## [How to complete this task]
Wherever a picture appears, skip it and retype the rest of the data exactly.
--------------------------------------------------
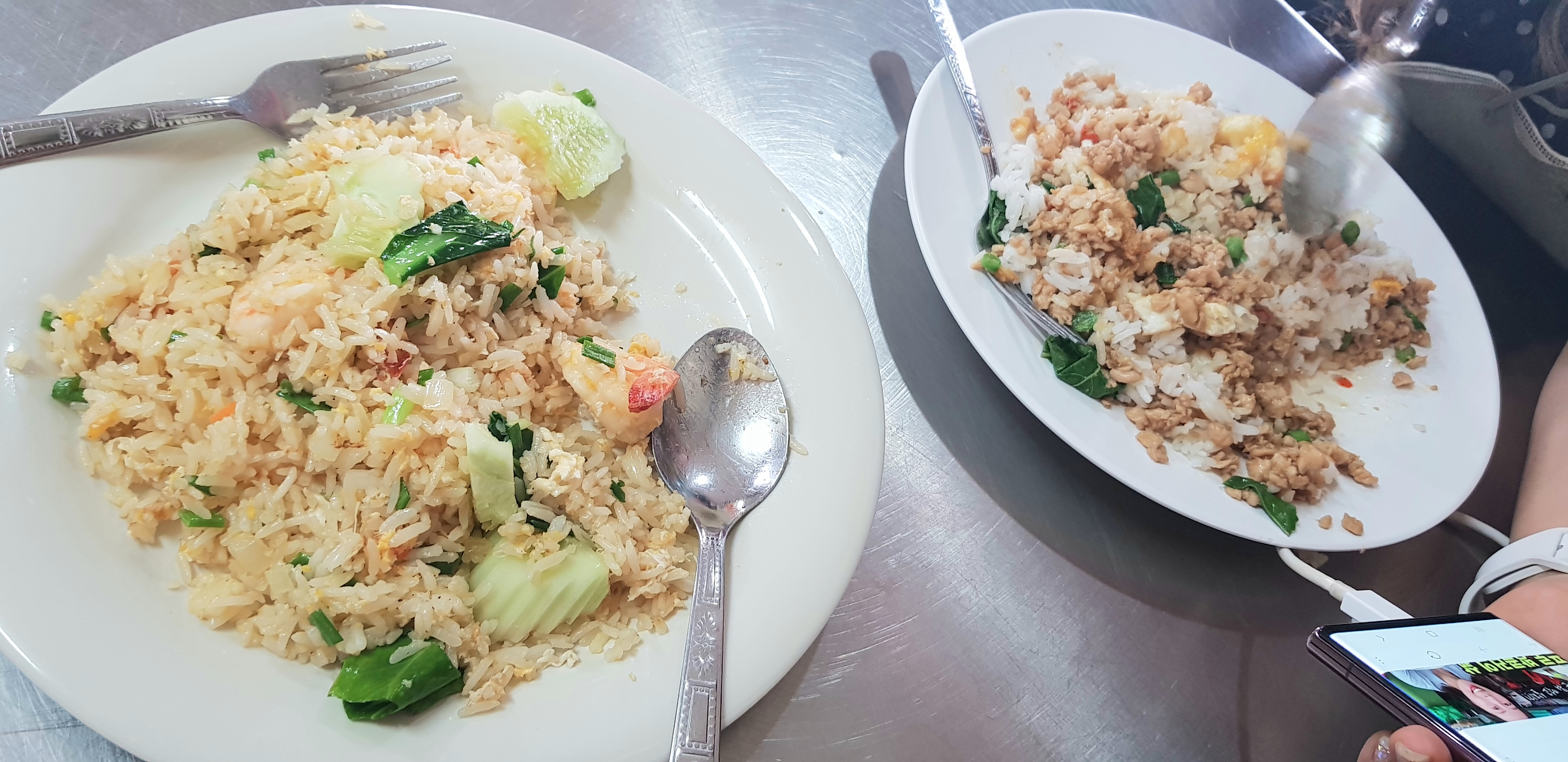 볶은 밥과 착즙 오랜지 쥬스로 허기를 달랬습니다. 가격이 800바트와 300바트네요.
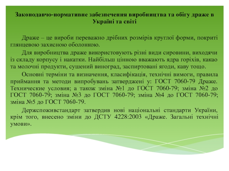 Слайд 2Законодавчо-нормативне забезпечення виробництва та обігу драже в Україні та світі
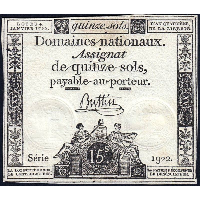 Assignat 24a - 15 sols - 4 janvier 1792 - Série 1922 - Etat : TTB
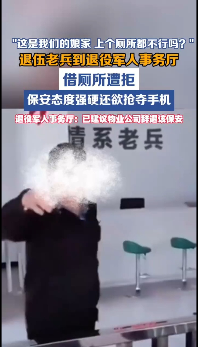 主播说丨退伍老兵到退役军人事务厅借厕所遭拒,保安态度强硬还欲抢夺手机
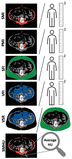 - Mourtzakis, M.; Prado, C.M.M.; Lieffers, J.R.; Reiman, T.; McCargar, L.J.; Baracos, V.E. A practical and precise approach to quantification of body composition in cancer patients using computed tomography images acquired during routine care. Appl. Physiol. Nutr. Metab. 2008, 33, 997–1006. [Google Scholar] [CrossRef]
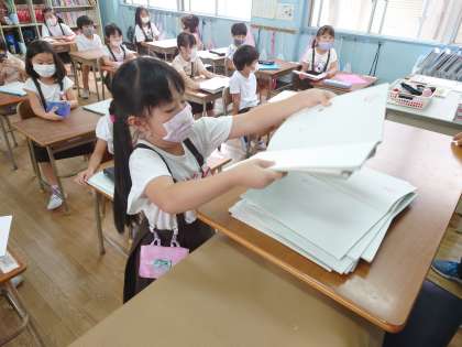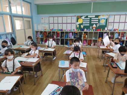 一年生4時間目は連絡帳を書いたり、下の本を配ったりしていました。国語、算数、生活、図工の4冊です。
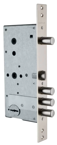 Замок врезной сувальдный ЗВ 5015 с защелкой и задвижкой предназначен для установки в металлические двери, шкафы и сейфы. Универсальные - переворот защелки без разборки замка. Бронепластина надежно защищает от высверливания. Повышенная защита от наиболее распространенных методов вскрытия: самоимпрессии (самоноборного ключа) - втулка на корпусе и крышке замка; отмычки - ложные пазы на стойке и сувальдах, увеличенная жесткость пружин сувальд; "свертыша" - ослабленный зуб рейки хвостовика; взлома - при полностью выдвинутых ригелях замка 30% их длины остается в корпусе замка, усилена конструкция засовов; высверливания - внешняя бронепластина, закаленная стойка рейки хвостовика; вандалов - отсутствие нижней стенки корпуса замка. Замок комплектуется 4 длинными ключами.
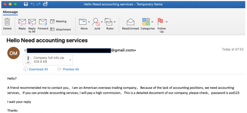 Another Gmail-hosted attack in February tries to induce users to access zipped MS Word documents by entering their passwords. Once opened, macros were enabled it delivered Xorist ransomware.
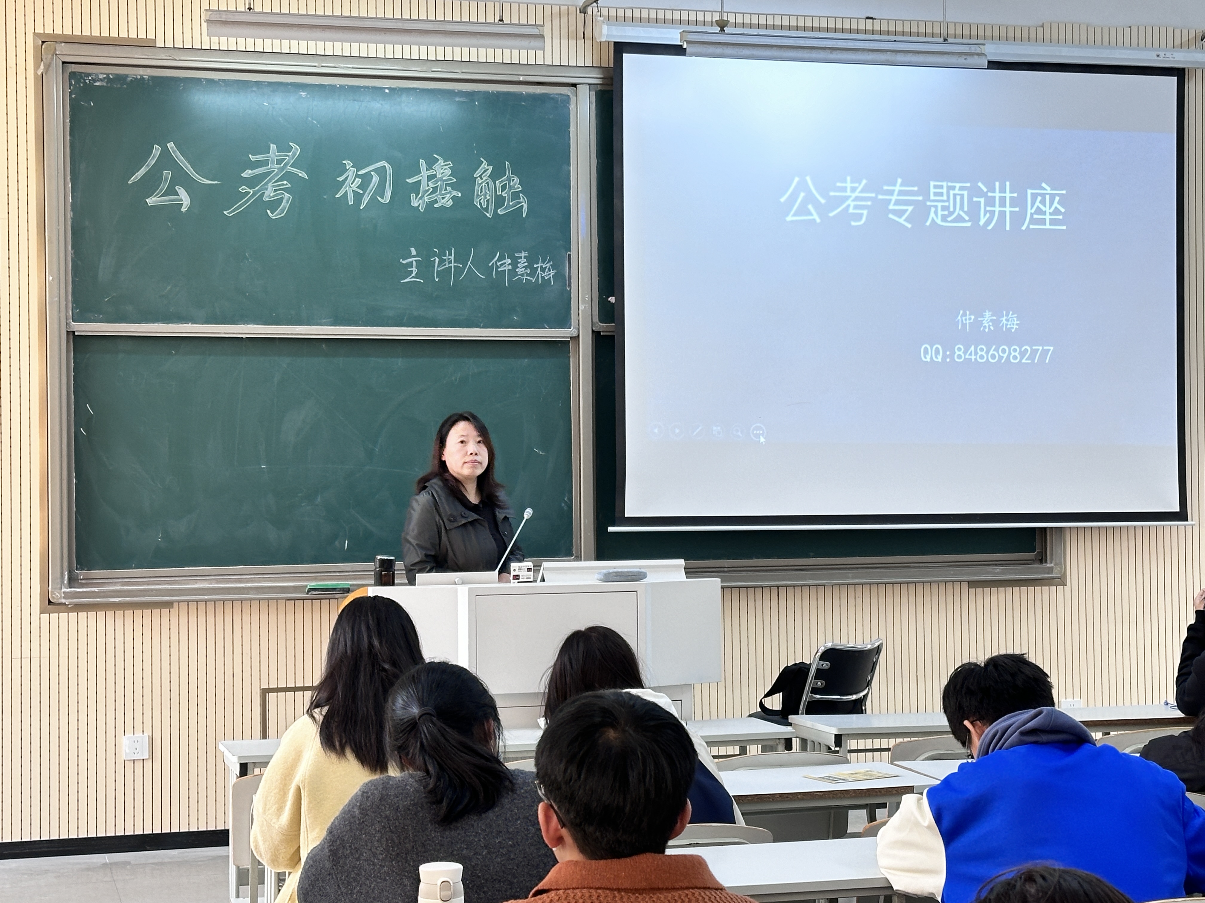 2023年11月23日下午13:30,由a片直播网 公共管理学院学生会主办的“公考初接触”讲座以线下形式顺利开展,本次讲座诚邀公共管理学院仲素梅老师主讲,主要面向有意向了解和参与公务员考试的同学。
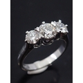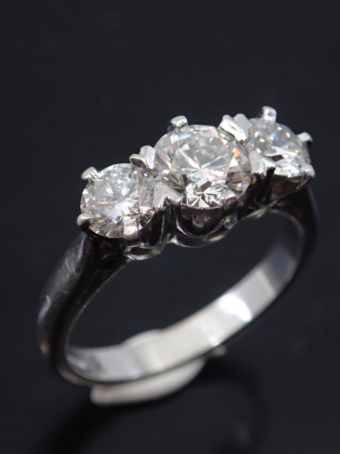 A fine diamond three stone ring set in platinum with a copy of a valuation which states the total diamond weight is 1.50cts H colour and VS clarity valued at â¬10,000 Oct 2005 finger size approx. K
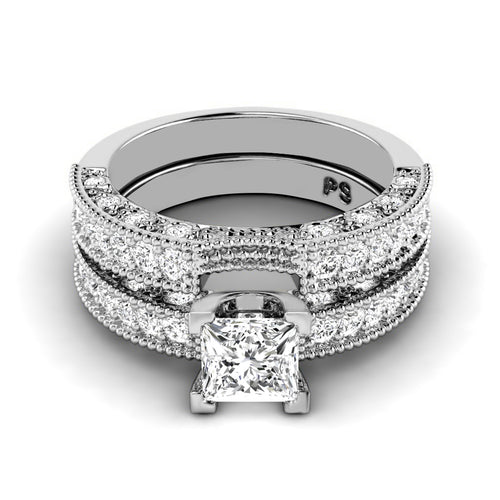 Reward yourself with our 2.30-3.45 ct princess cut diamonds - bridal set MDL#71616. This bridal set artistically designed with 1.95 carat sparkling side diamonds. Select your option of center diamond from options offered above. Select your option of precious metal between 14 Karat, 18 Karat Yellow, White and Rose Gold OR Platinum. At Primestyle.com, we deal ONLY with 100% real, natural and conflict free diamonds. Our diamonds are NOT enhanced NOR treated. Shine with fashion with Primestyle diamonds bridal sets.
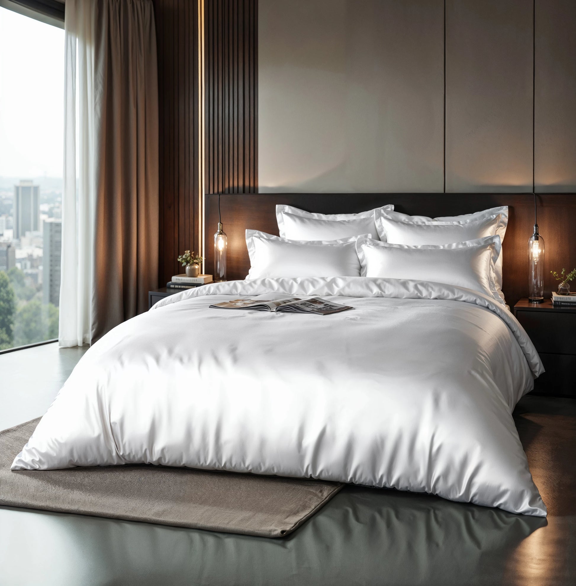 Verleihen Sie Ihrem Schlafzimmer mit dem Sleeptime Gloss Satin Bettbezug einen eleganten Look. Die Kombination aus glänzendem Satin und hochwertiger Verarbeitung schafft ein luxuriöses Ambiente und ein unvergleichliches Schlaferlebnis.
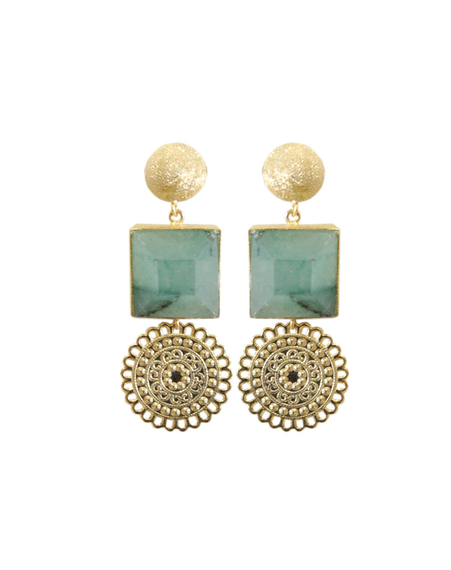 Green and Gold Dust Earrings : Handcrafted using malachite stones on gold plated brass with jail cut motif circle. Contemporary earrings for occasion wear.
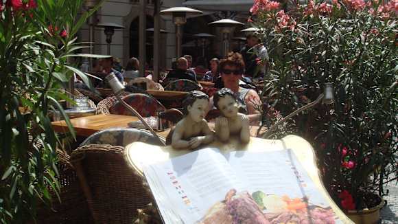 Engel von vorne mit Speisekarte
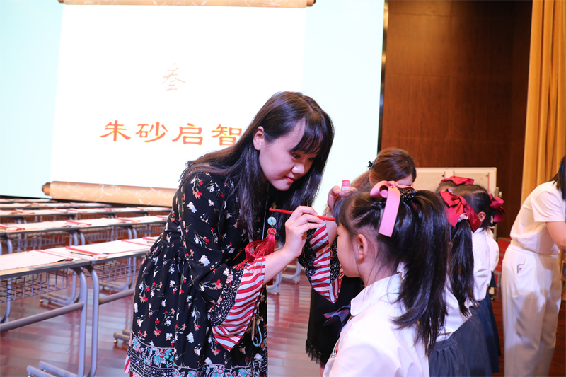 額間點(diǎn)紅痣,心中有智慧。將美好祝愿凝聚在這朱砂的中國紅上,相信同學(xué)們一定會(huì)成為至善博學(xué)的人!
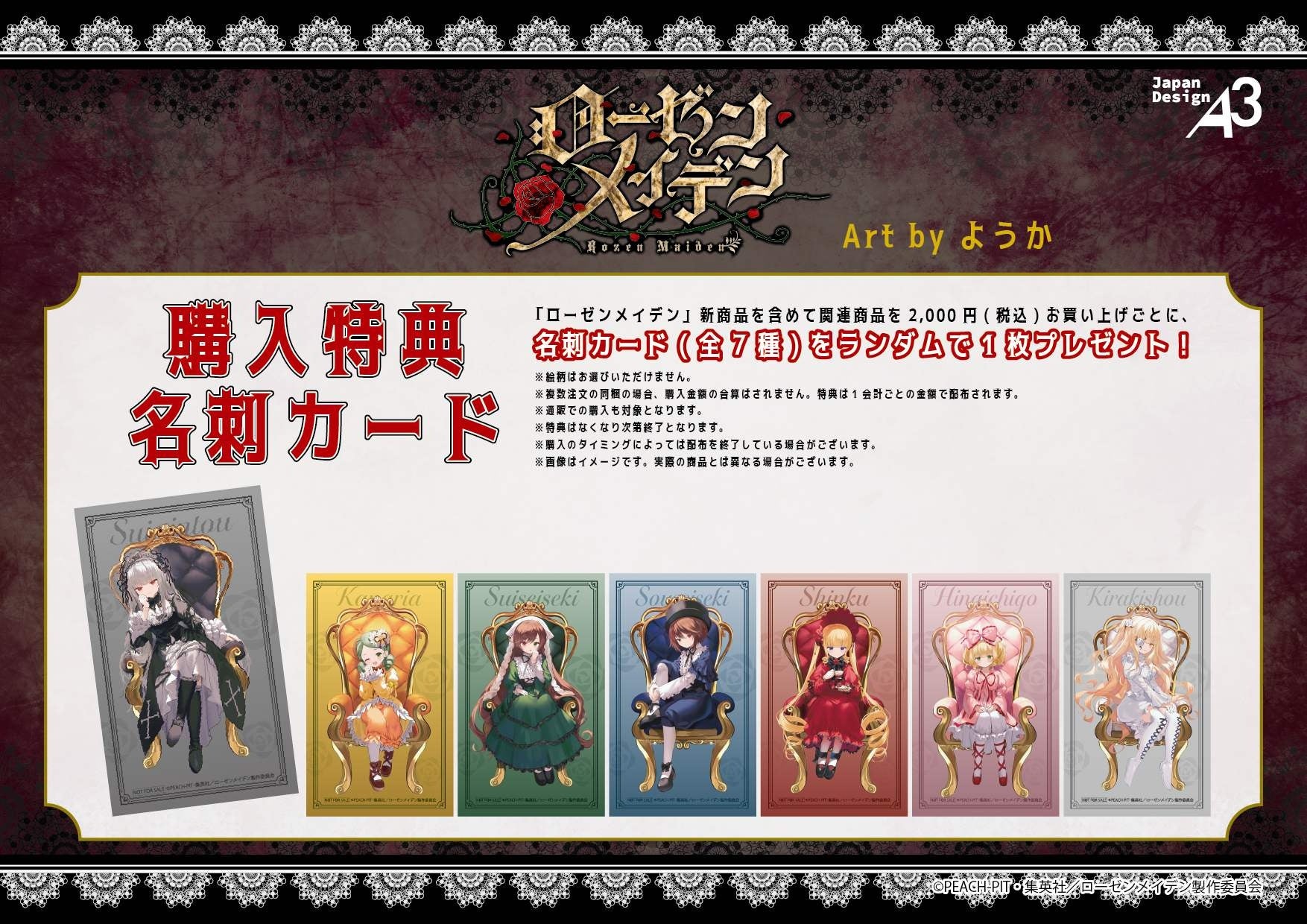 TVアニメ『ローゼンメイデン』の新作グッズを含む関連商品を1会計で2,200円(税込)お買い上げごとに、名刺カード(全7種)をランダムで1枚プレゼントします。
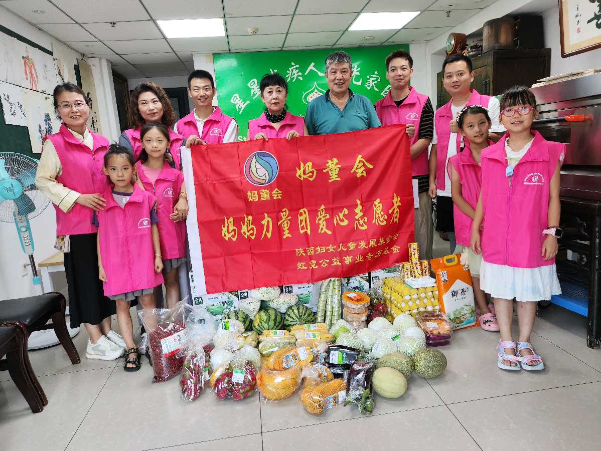 陕西妇女儿童发展基金会虹霓公益事业专项基金妈妈力量团副团长张治莲携手陕西格颜美诺科技生物有限公司董事长谭特、西安秦瑞泰信息技术服务有限公司代表郭飞经理,志愿者、谭博、张晨、刘镇及四位小志愿者郭思萌、马悦雯、朱笑影、谭蕊曦一同走进福利院,用爱心物资与真诚陪伴,为这里的孩子们送去夏日里的清凉与温暖。
--------------------------------------------------
## [Result for this task]
 볶은 밥과 착즙 오랜지 쥬스로 허기를 달랬습니다. 가격이 800바트와 300바트네요.
 Слайд 2Законодавчо-нормативне забезпечення виробництва та обігу драже в Україні та світі
 Assignat 24a - 15 sols - 4 janvier 1792 - Série 1922 - Etat : TTB
 主播说丨退伍老兵到退役军人事务厅借厕所遭拒,保安态度强硬还欲抢夺手机
 - Mourtzakis, M.; Prado, C.M.M.; Lieffers, J.R.; Reiman, T.; McCargar, L.J.; Baracos, V.E. A practical and precise approach to quantification of body composition in cancer patients using computed tomography images acquired during routine care. Appl. Physiol. Nutr. Metab. 2008, 33, 997–1006. [Google Scholar] [CrossRef]
 一年生4時間目は連絡帳を書いたり、下の本を配ったりしていました。国語、算数、生活、図工の4冊です。
 Замок врезной сувальдный ЗВ 5015 с защелкой и задвижкой предназначен для установки в металлические двери, шкафы и сейфы. Универсальные - переворот защелки без разборки замка. Бронепластина надежно защищает от высверливания. Повышенная защита от наиболее распространенных методов вскрытия: самоимпрессии (самоноборного ключа) - втулка на корпусе и крышке замка; отмычки - ложные пазы на стойке и сувальдах, увеличенная жесткость пружин сувальд; "свертыша" - ослабленный зуб рейки хвостовика; взлома - при полностью выдвинутых ригелях замка 30% их длины остается в корпусе замка, усилена конструкция засовов; высверливания - внешняя бронепластина, закаленная стойка рейки хвостовика; вандалов - отсутствие нижней стенки корпуса замка. Замок комплектуется 4 длинными ключами.
 Another Gmail-hosted attack in February tries to induce users to access zipped MS Word documents by entering their passwords. Once opened, macros were enabled it delivered Xorist ransomware.
 2023年11月23日下午13:30,由a片直播网 公共管理学院学生会主办的“公考初接触”讲座以线下形式顺利开展,本次讲座诚邀公共管理学院仲素梅老师主讲,主要面向有意向了解和参与公务员考试的同学。
 A fine diamond three stone ring set in platinum with a copy of a valuation which states the total diamond weight is 1.50cts H colour and VS clarity valued at â¬10,000 Oct 2005 finger size approx. K
 Reward yourself with our 2.30-3.45 ct princess cut diamonds - bridal set MDL#71616. This bridal set artistically designed with 1.95 carat sparkling side diamonds. Select your option of center diamond from options offered above. Select your option of precious metal between 14 Karat, 18 Karat Yellow, White and Rose Gold OR Platinum. At Primestyle.com, we deal ONLY with 100% real, natural and conflict free diamonds. Our diamonds are NOT enhanced NOR treated. Shine with fashion with Primestyle diamonds bridal sets.
 Verleihen Sie Ihrem Schlafzimmer mit dem Sleeptime Gloss Satin Bettbezug einen eleganten Look. Die Kombination aus glänzendem Satin und hochwertiger Verarbeitung schafft ein luxuriöses Ambiente und ein unvergleichliches Schlaferlebnis.
 Green and Gold Dust Earrings : Handcrafted using malachite stones on gold plated brass with jail cut motif circle. Contemporary earrings for occasion wear.
 Engel von vorne mit Speisekarte
 額間點(diǎn)紅痣,心中有智慧。將美好祝愿凝聚在這朱砂的中國紅上,相信同學(xué)們一定會(huì)成為至善博學(xué)的人!
 TVアニメ『ローゼンメイデン』の新作グッズを含む関連商品を1会計で2,200円(税込)お買い上げごとに、名刺カード(全7種)をランダムで1枚プレゼントします。
 陕西妇女儿童发展基金会虹霓公益事业专项基金妈妈力量团副团长张治莲携手陕西格颜美诺科技生物有限公司董事长谭特、西安秦瑞泰信息技术服务有限公司代表郭飞经理,志愿者、谭博、张晨、刘镇及四位小志愿者郭思萌、马悦雯、朱笑影、谭蕊曦一同走进福利院,用爱心物资与真诚陪伴,为这里的孩子们送去夏日里的清凉与温暖。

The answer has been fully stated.